You will be learning all those concepts while by building a simple model to properly classify text as negative and positive reviews based on data we used to train it.
what you need to have?
For you to successfully follow through with this tutorial, you're supposed to have the following libraries python libraries installed on your machine.
Installation
There are two approaches that you can follow when it comes to installing the setup environment for doing machine learning together with data science-based projects.
- Installing Anaconda
- Installing independently using pip
Installing Anaconda
If it's your first time hearing about Anaconda, it is the toolkit that equips you to work with thousands of open-source packages and libraries. It saves the time for installing each library independently together with handling dependencies issues.
What you need to do is go to their official website at Anaconda.com and then follow the guide to download and install it on your machine depending on the Operating system you're using.
Once you install it, it will install thousands of other packages for doing machine learning and data science tasks such as numpy, pandas, matplotlib, scikit-learn, jupyter notebook, and many others
Almost here
Now once dependencies have been installed together with Anaconda its time to install the TensorFlow library, Anaconda comes with its package manager known as conda.

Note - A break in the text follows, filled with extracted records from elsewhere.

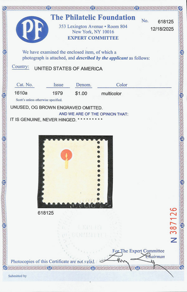 5715 nh 1610a image1979, $1 Rush Lamp, brown (engraved) omitted (Scott 1610a), o.g., never hinged, Extremely Fine, with 2025 P.F. certificate.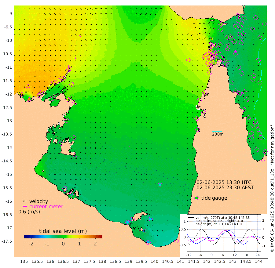 20cm/s 130T +3cm/s rms + 7cm/s -42T. ARA-GOC87 57m 11cm/s 17T +3cm/s rms + 2cm/s -2T. ARA-GOC87 60m 23cm/s 124T +2cm/s rms + 3cm/s 61T. ARA-GOC87 47m -28cm Daru -29cm Bobo Island -17cm Meer Island Barge -22cm Bramble Cay -21cm Unnamed Cay -29cm Pearce Cay -30cm Stephens Island -28cm Merrie England Shoals -22cm Mutacomal Reef -29cm Darnley Island Barge -21cm East Cay -27cm Yorke Island Barge -23cm Rennel Island -30cm Aureed Island -18cm Dungeness Reef 3cm Zagai Island 7cm Yam Island 30cm Dauan Island 27cm Saibai Island 14cm Phipi Reef -5cm Warrior Reef - West 50cm Mabuiag Island Barge -27cm Half Way Island -15cm Coconut Island -24cm Dugong Islet -5cm Poll Island -13cm Kirkcaldie Reef 12cm Suarji Island -6cm Sue Islet 109cm Hawkesbury Island 21cm Alert Patches 17cm Twin Island 96cm Badu Island 20cm St Pauls (Moa Island) 80cm Kubin (Moa Island) 39cm Ince Point 52cm Thursday Island 50cm Nardana Patches 67cm Turtle Head 98cm Round Island 100cm Goods Island 114cm Booby Island 112cm White Rocks Area 95cm Carpentaria 27cm Papou Point 145cm Bampfield Head 88cm Crab Island 102cm Red Wallis Island 79cm Packe Island -27cm Harrington Reef 110cm Herald Camp -4cm Sharp Point 54cm Red Island Point 49cm Possession Island 13cm Alpha Rock -2cm Frederick Point -11cm Wyborn Reef Light -6cm Tetley Island -9cm Triangle Reef -9cm Turtle Head Island -14cm Maclennan Cay -7cm Raine Island -27cm Mcsweeny Reef -25cm Collette Reef -15cm Shadwell Reef -28cm Hannibal Island -22cm Round Point 73cm Vrilya Point -21cm Cape Grenville -18cm Hicks Island -11cm Sir Charles Hardy Island -8cm Harvey Island -17cm Kay Reef -13cm Rocky Island -8cm Chapman Island -9cm Ham Reef -11cm Jubilee Reef -17cm Night Island -12cm Unnamed Reef No. 3 -14cm Morris Island -4cm 1st 3 Mile Opening -14cm Creech Reef -30cm Fife Island -14cm Eden Reef -16cm Stanley Island -21cm Normanby River 145cm Yabooma Island 157cm Hutchison River 136cm Elcho Island 128cm North West Crocodile Island 87cm Cape Wessel 118cm Stevens Island 60cm Guluwuru Island 108cm Hopeful Bay 100cm Auster Point 98cm Two Island Bay 101cm Cadell Strait -14cm Mallison Island 56cm Melville Bay (Gove Harbour) 66cm Truant Island 31cm Cape Arnhem 7cm Cape Grey -7cm Hawk Island -28cm Milner Bay (Groote Eylandt) -45cm Cape Beatrice -81cm West Island -75cm Centre Island -113cm Mornington Island -111cm West Wellesley Islands -114cm Bountiful Island -122cm Albert River Mouth -137cm Sweers Island -130cm Karumba -96cm Nassau River Offshore -57cm Christmas Creek -1cm Archer River 25cm Boyd Point 32cm Weipa (Humbug Point) 29cm Pennefather River 66cm Cullen Point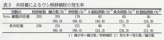 - 凍結した体外受精胚をドナーとしたウシ核移植胚を、Vero細胞と共培養して発生率について調査した結果、胚盤胞期胚への発生率は非共培養区より高い傾向にあった(表3)。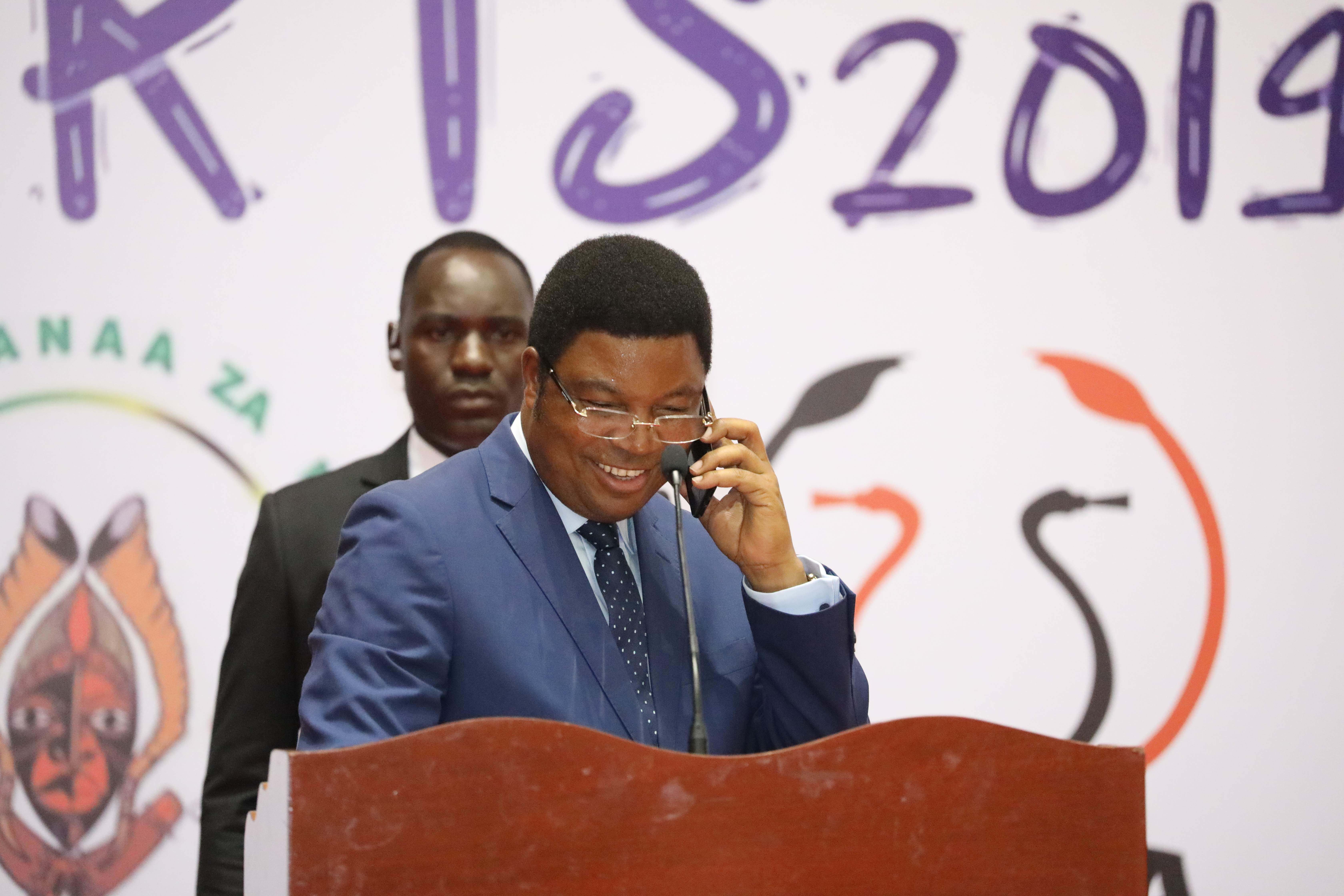 Waziri Mkuu wa Jamhuri ya Muungano wa Tanzania, Mhe. Kassim Majaliwa akisikiliza simu ya Rais wa Jamhuri ya Muungano, Mhe. Dkt.John Pombe Magufuli alipopiga kuwapongeza wasanii kwa kuanzisha tamasha la Mwalimu Arts Festival 2019, aliyeshikilia simu hiyo ni Rais wa Shirikisho la Muziki Nchini Ado Novemba.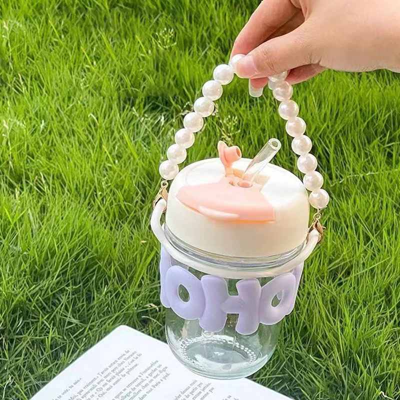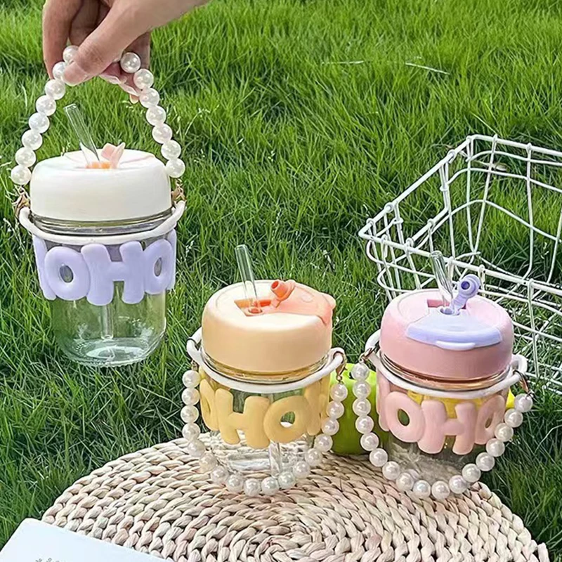 Pearl Bracelet Water Cup – Transparent Anti-Scalding Glass Straw Cup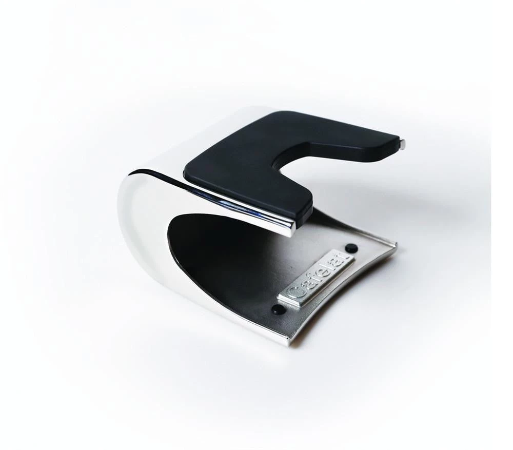 This stand is made from solid 304 stainless steel, and is 50% extra heavier than the previous Cafelat tamping stand. It weighs around 600g or 1lb5oz! The top and bottom feature durable rubber pads.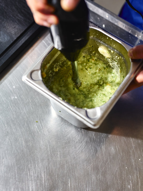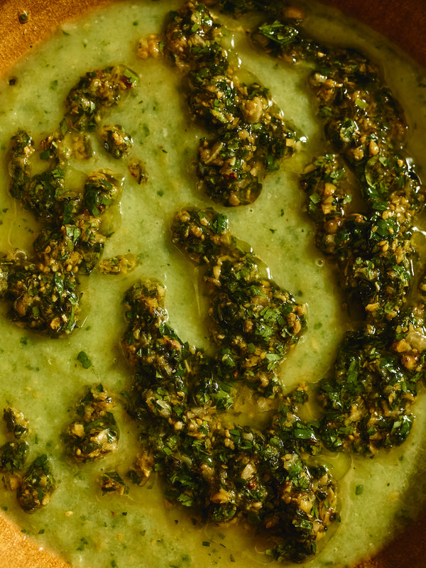 - To serve, mix the garnishes in a bowl, season with the Forager's Vinaigrette, and drizzle over the soup.ย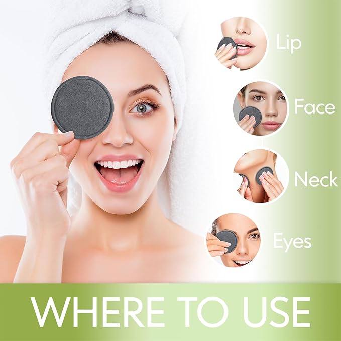 - Reusable Makeup Remover Pads: The package contains 16 high-quality bamboo faced reusable cotton rounds, which can gently and cleanly remove makeup from your face without harming your skin, making your skin feel very comfortable. Soft but sturdy materials can effectively clean your eyes, face, lips, neck, etc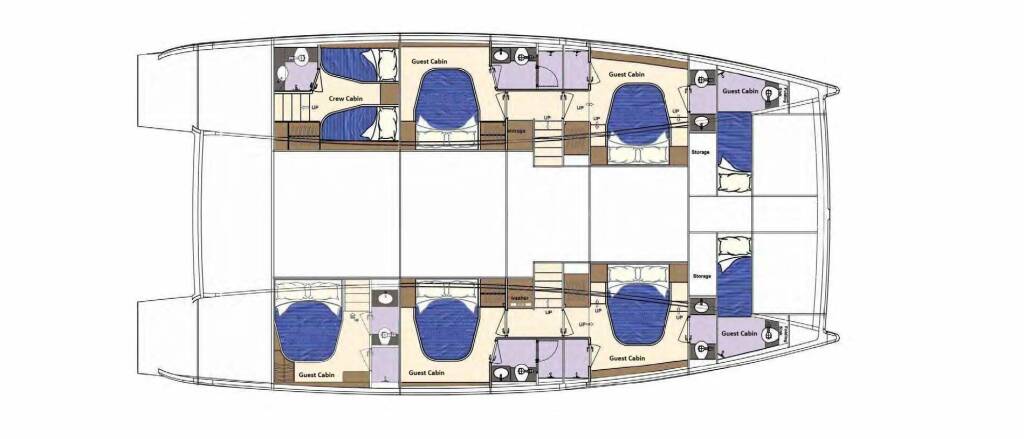 Accommodation: 5 queen cabins with en suite bathrooms for guests. 2 additional single forepeaks with own bathroom for guests. The crew uses the aft cabin with 2 separate twin beds. All main interior cabins have electric freshwater flush toilets and US electrical outlets.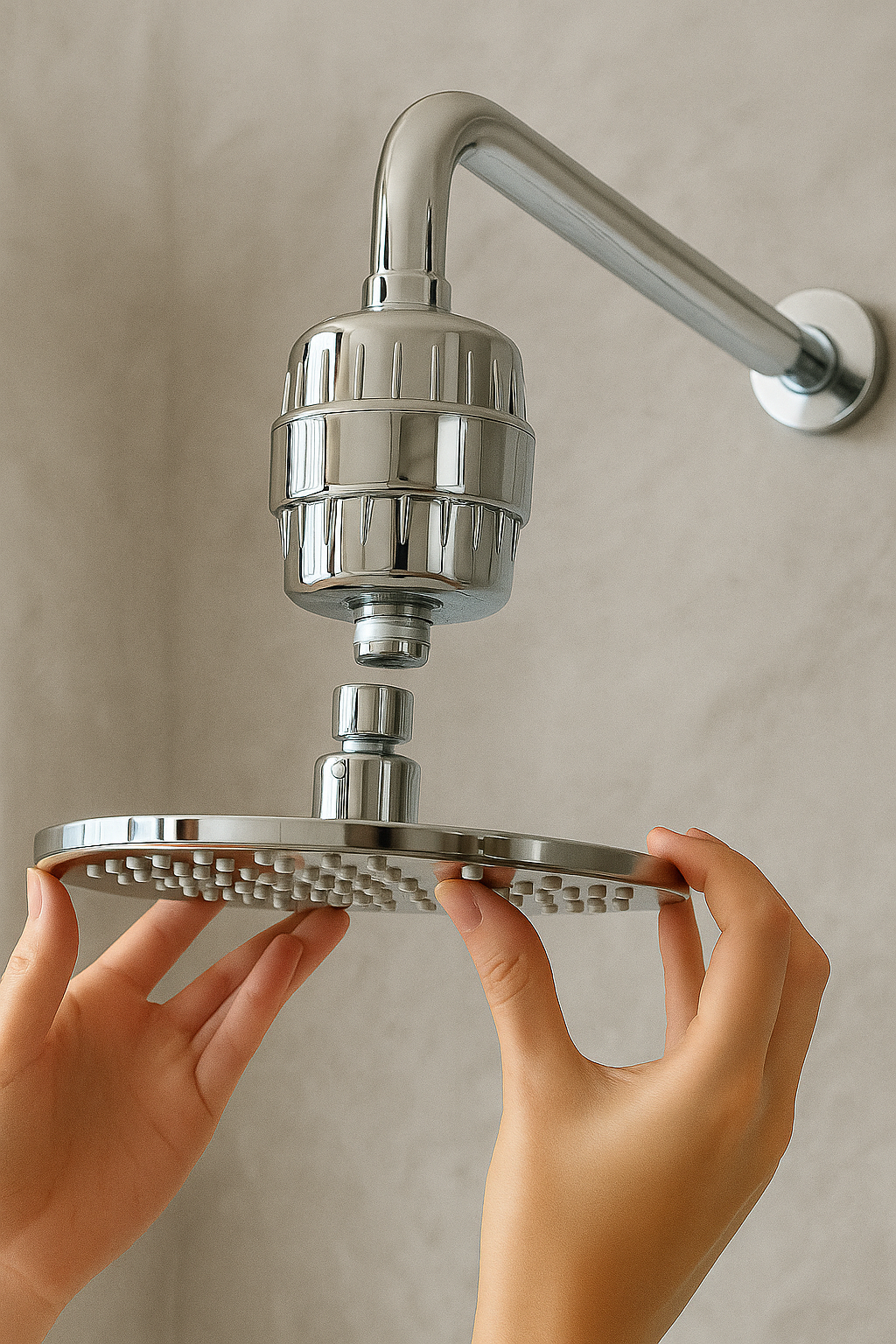 Next, the Vitamin C-infused filter media neutralises chemical residues that strip your skin and scalp of natural moisture. The result? Softer, balanced water that supports eczema-prone skin, reduces scalp buildup, and helps your hair retain strength and shine.

Now Let's use conda to install TensorFlow
conda create -n tf tensorflow
conda activate tf
Installing independently using pip
If you love handling every piece of details of yourself, then you can also install all the required python libraries just by using pip just as shown below;
pip install tensorflow
pip install numpy
pip install matplotlib
pip install jupyter notebook
Now once everything is installed let's start building our classification model
Note:
The TensorFlow that has been using while preparing this tutorial is TensorFlow 2.0 which comes with keras already integrated into it, therefore I recommend using it or a more updated version to avoid bugs.
Let's get started
For convenience we usually use a jupyter notebook in training our machine learning models therefore I would you to use it too since in this article I will be showing you individual chunks of code equivalent to a single cell in a jupyter notebook
Starting a jupyter notebook
To start a jupyter notebook it just simple and straight forward it's just you have to type jupyter notebook on your terminal and then it gonna automatically open a notebook on your default browser.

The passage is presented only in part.